+++ Supplied information

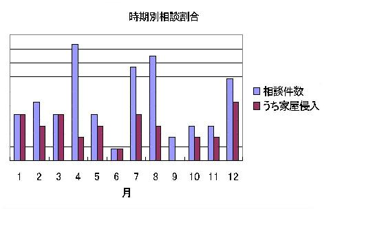 冬期は家屋侵入 夏期は農作物被害とはっきりと区別がつくようだ。 しかし 年間を通じて 家屋侵入による被害が発生し その割合が高いことを考えると ハクビシンが農業関係だけの問題に留まらず 社会問題となっていることを物語っている。
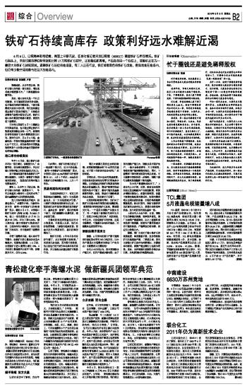 青松建化牵手海螺水泥 做新疆兵团领军典范 2012-06-08 来源:证券时报网 作者:宋雨
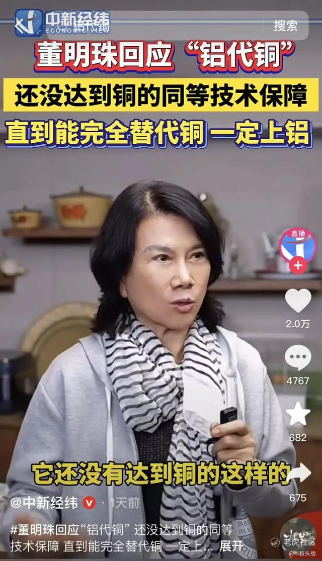 她曾表示,铝的技术格力研究了多年,但没有达到铜的同等保障,坚决不用。
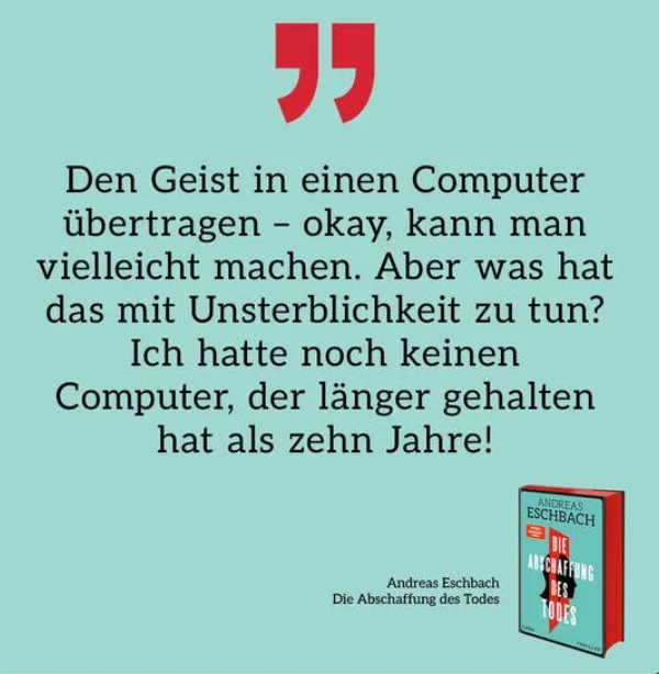 Dieser Autor gehört zu meinen „Lieblingen“. Er ist ein Garant für fantastische Geschichten, die immer auch einen Bezug zu Realität haben. Gerade wo ich in dieses Buch vertieft war, starteten die neueren KI-Modelle und es voilà unseren Bezug zu dieser Geschichte da. Irgendwie unheimlich, als wüsste Hr. Eschbach mehr als wir ;-).
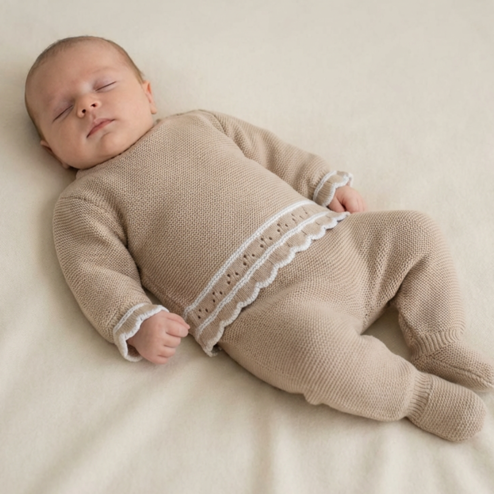 Sardon Baby Beige Knitted Jumper and Legging Set.
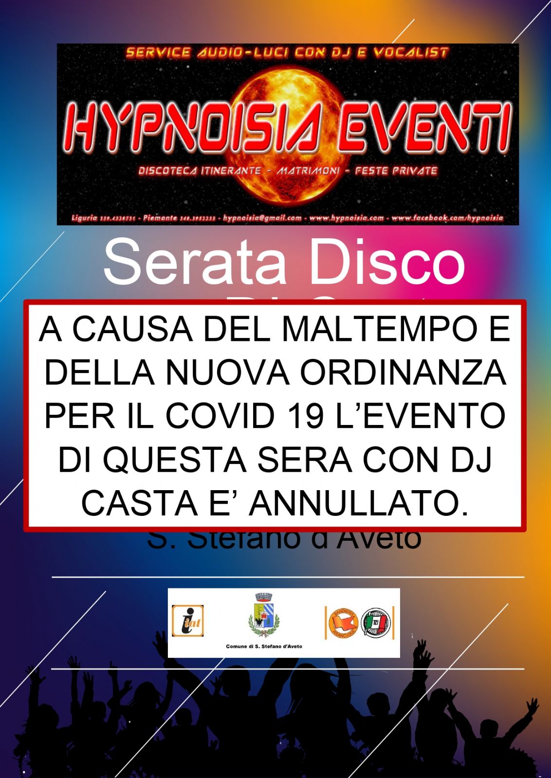 A CAUSA DEL MALTEMPO E DELLA NUOVA ORDINANZA PER IL COVID 19 L’EVENTO DI QUESTA SERA CON DJ CASTA E’ ANNULLATO.
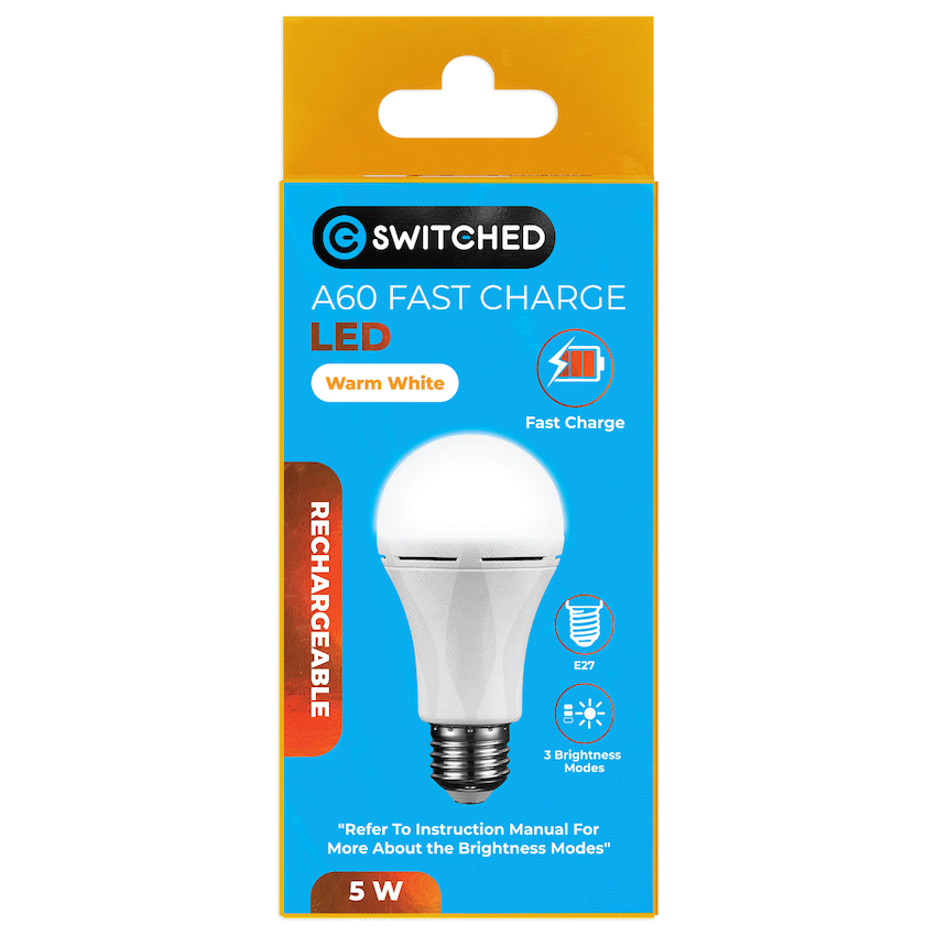 Get reliable light during power cuts with the Switched 5w A60 Rechargeable Fast Charge E27 LED bulb. It charges quickly in 3-4 hours and provides up to 7.5 hours of cool white light. This makes the Switched bulb a practical addition.
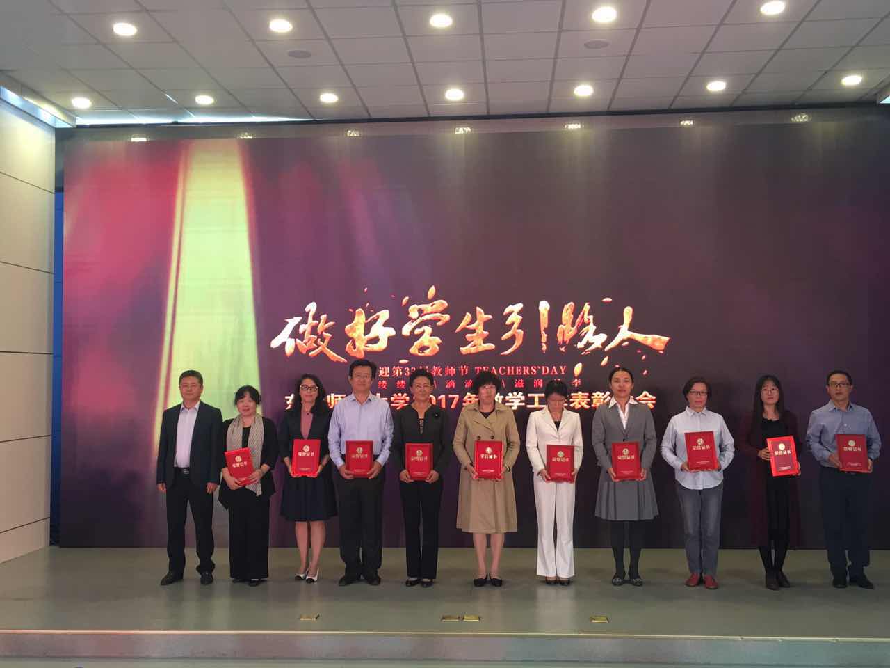甘为人梯育英才,抚育桃李献丹心。9月10日,在第33个教师节到来之际,学校隆重召开了主题为“做好学生引路人”的教学工作表彰大会,对2016年度在本科教学一线工作中做出突出贡献的教师团队和个人进行表彰。会上,我院四位教师获奖,具体如下:
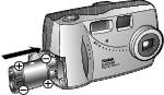 ATTENTION: La batterie ne peut être insérée dans l'appareil photo que dans le sens indiqué. Si la batterie ne s'insère pas facilement, repositionnez-la et réessayez. VEILLEZ À NE PAS FORCER sous peine d'endommager l'appareil photo. |
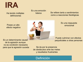 El documento describe la ira y la depresión, detallando sus características fisiológicas, psicológicas y las estructuras cerebrales involucradas. La ira es presentada como una respuesta emocional negativa que se manifiesta a través de reacciones fisiológicas y conductas destructivas, mientras que la depresión se caracteriza por una tristeza persistente y problemas de concentración. Ambos estados emocionales tienen implicaciones biológicas, involucrando la actividad hormonal y neurotransmisores en el cerebro.
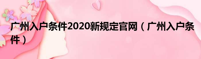 广州入户条件2020新规定官网(广州入户条件)

++++++

__To do__: Write back the stretch of lines above that begins with the line holding "她曾表示,铝的技术格力研究了多年,但没有达到铜的同等保障,坚决不用。" and ends with the line holding "甘为人梯育英才,抚育桃李献丹", both included, exactly as written. Pictures stay out.

__Worked solution__:
 她曾表示,铝的技术格力研究了多年,但没有达到铜的同等保障,坚决不用。
 Dieser Autor gehört zu meinen „Lieblingen“. Er ist ein Garant für fantastische Geschichten, die immer auch einen Bezug zu Realität haben. Gerade wo ich in dieses Buch vertieft war, starteten die neueren KI-Modelle und es voilà unseren Bezug zu dieser Geschichte da. Irgendwie unheimlich, als wüsste Hr. Eschbach mehr als wir ;-).
 Sardon Baby Beige Knitted Jumper and Legging Set.
 A CAUSA DEL MALTEMPO E DELLA NUOVA ORDINANZA PER IL COVID 19 L’EVENTO DI QUESTA SERA CON DJ CASTA E’ ANNULLATO.
 Get reliable light during power cuts with the Switched 5w A60 Rechargeable Fast Charge E27 LED bulb. It charges quickly in 3-4 hours and provides up to 7.5 hours of cool white light. This makes the Switched bulb a practical addition.
甘为人梯育英才,抚育桃李献丹心。9月10日,在第33个教师节到来之际,学校隆重召开了主题为“做好学生引路人”的教学工作表彰大会,对2016年度在本科教学一线工作中做出突出贡献的教师团队和个人进行表彰。会上,我院四位教师获奖,具体如下:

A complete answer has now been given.